Definitely not. If I buy some piece of hardware&software it does not mean that I want to buy a whole exclusive media distribution channel.
The whole idea that somebody owns a 'platform' that runs this deep and wide and this is just natural is just WRONG. Remember we let a single company influence what media we consume, what information we consume, what applications we can use and also what NOT - just by buying a computer from them and because they call it a 'platform'?
The infinite number of ways thought is also wrong. There are multiple infinities and Apple now controls the infinities. Some dimensions are not available at all. On some other dimensions there are still infinitive amounts of things, but they are all EVEN. The ODD ones are not supported by Apple.
I think there is one technical argument for 3.1.1.
It's often been observed that as PCs kept getting faster, apps stayed at the same speed (or even slowed down), as layers of abstraction soaked up the extra cycles. To remain snappy, the iPhone simply can't afford that. At least not yet.
It's not so much the layers of abstraction -- our machines quite literally do more but the software, at least on the surface, looks the same. I remember when Office added the real-time squiggle line spellchecking -- now that's everywhere including this browser textbox. If you go back a few years, you'll find a lot of software that is best described now as primitive.
Abstraction layers are always slow -- PC's getting faster never makes them feel fast because our expectations of what software should do increases at the same rate.

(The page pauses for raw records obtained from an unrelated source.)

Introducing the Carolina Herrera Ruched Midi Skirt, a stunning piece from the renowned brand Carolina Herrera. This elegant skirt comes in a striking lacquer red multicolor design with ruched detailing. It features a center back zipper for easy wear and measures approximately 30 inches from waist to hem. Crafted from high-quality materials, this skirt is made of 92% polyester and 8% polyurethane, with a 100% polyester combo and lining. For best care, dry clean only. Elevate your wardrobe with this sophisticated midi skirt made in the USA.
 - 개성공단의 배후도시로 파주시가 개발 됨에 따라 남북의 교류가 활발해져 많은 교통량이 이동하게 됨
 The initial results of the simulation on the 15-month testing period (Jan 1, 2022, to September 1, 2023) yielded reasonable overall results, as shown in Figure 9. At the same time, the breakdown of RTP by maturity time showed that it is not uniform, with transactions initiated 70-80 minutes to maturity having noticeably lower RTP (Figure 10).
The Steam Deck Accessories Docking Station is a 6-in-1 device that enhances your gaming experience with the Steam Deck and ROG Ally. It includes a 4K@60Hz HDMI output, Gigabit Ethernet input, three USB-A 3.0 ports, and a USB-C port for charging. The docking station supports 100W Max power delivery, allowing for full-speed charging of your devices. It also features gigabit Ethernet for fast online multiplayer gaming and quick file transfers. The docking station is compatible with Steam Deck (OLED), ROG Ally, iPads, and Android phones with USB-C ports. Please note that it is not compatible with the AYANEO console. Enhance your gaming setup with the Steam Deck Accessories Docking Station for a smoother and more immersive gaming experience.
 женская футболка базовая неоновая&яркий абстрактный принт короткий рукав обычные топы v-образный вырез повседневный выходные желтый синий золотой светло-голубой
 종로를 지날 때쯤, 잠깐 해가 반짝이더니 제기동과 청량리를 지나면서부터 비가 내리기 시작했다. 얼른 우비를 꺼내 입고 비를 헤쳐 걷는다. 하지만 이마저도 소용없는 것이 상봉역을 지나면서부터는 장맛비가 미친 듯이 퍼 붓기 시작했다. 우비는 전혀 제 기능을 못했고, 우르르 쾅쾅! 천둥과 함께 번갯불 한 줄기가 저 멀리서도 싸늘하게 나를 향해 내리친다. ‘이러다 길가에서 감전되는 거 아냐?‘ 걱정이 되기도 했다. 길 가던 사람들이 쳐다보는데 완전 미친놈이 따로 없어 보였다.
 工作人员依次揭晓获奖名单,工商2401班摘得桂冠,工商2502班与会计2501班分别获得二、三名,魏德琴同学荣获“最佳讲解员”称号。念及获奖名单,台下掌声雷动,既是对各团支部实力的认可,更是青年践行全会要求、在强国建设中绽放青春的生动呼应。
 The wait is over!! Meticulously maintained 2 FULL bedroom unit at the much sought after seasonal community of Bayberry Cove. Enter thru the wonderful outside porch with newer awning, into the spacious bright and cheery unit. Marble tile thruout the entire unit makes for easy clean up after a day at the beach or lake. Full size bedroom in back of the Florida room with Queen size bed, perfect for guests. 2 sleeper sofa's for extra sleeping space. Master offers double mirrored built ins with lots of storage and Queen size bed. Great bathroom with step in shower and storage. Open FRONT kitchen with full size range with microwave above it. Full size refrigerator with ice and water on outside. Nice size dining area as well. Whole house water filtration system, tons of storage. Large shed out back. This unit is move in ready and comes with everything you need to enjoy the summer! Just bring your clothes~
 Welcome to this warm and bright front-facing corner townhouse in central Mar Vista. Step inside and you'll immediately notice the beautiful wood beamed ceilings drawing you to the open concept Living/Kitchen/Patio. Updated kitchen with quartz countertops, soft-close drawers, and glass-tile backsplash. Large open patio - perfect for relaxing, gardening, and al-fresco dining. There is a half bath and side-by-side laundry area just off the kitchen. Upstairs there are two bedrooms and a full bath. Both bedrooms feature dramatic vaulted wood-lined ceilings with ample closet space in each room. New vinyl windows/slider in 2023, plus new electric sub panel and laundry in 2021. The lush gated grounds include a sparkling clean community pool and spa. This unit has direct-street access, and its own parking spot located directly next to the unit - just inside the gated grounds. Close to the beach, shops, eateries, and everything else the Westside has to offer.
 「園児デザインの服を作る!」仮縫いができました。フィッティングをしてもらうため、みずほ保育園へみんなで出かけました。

That said, there's no direct connection between a great user experience and specifically using ObjC, not even in theory. There are many frameworks (MonoTouch comes to mind) which explicitly bind Cocoa/Touch to C#. The only difference is, instead of writing your logic in ObjC, you're doing it in a language you're more familiar with. This type of framework/cross-compiler leads to high-quality, reliable code that still provides a nice Apple-ey user experience.
On the flipside, you have plenty of app store apps (games, mostly, but others like convertbot) that totally eschew Apple's UI controls. These apps are written in 100% ObjC with all of Apple's tools, but simply prefer rolling their own because they think the user experience is better. Up to now (and as far as I can tell from my talks with them, still) Apple has no problem with this.
So I think your logic that using Apple's tools magically leads to a better user experience is flawed. True, some cross-platform environments lead to a subpar experience (potentially Adobe's CS5). But Unity3D and MonoTouch clearly contribute to the platform from a user experience standpoint.
A much better argument is that Apple is planning to make lots of changes going forward and they don't want to have to worry about waiting for the Unity people to update their compiler in order for developers to be able to implement [whatever] for their apps. For instance, the multitasking change is pretty big under the hood--who knows how long it will be before MonoTouch binds to it? That's much more likely to be Apple's concern.
TUAW made a similar argument to mine, but it's flawed in a couple of places because they don't understand OSX. There's nothing about cross-platform frameworks that makes multitasking hard per se, but making it more difficult to update existing code is going to be hard if Apple ever decides to break backwards compatibility, which clearly they're indicating they're going to do.
Of course, from Apple's POV this has the nice "side" benefit of locking developers in to ObjC going forward. Better for the platform or not, I think that's what has developers most upset--we've just gotten out of two decades of vendor lock-in under Microsoft. We were headed for the web, and we're about to miss it.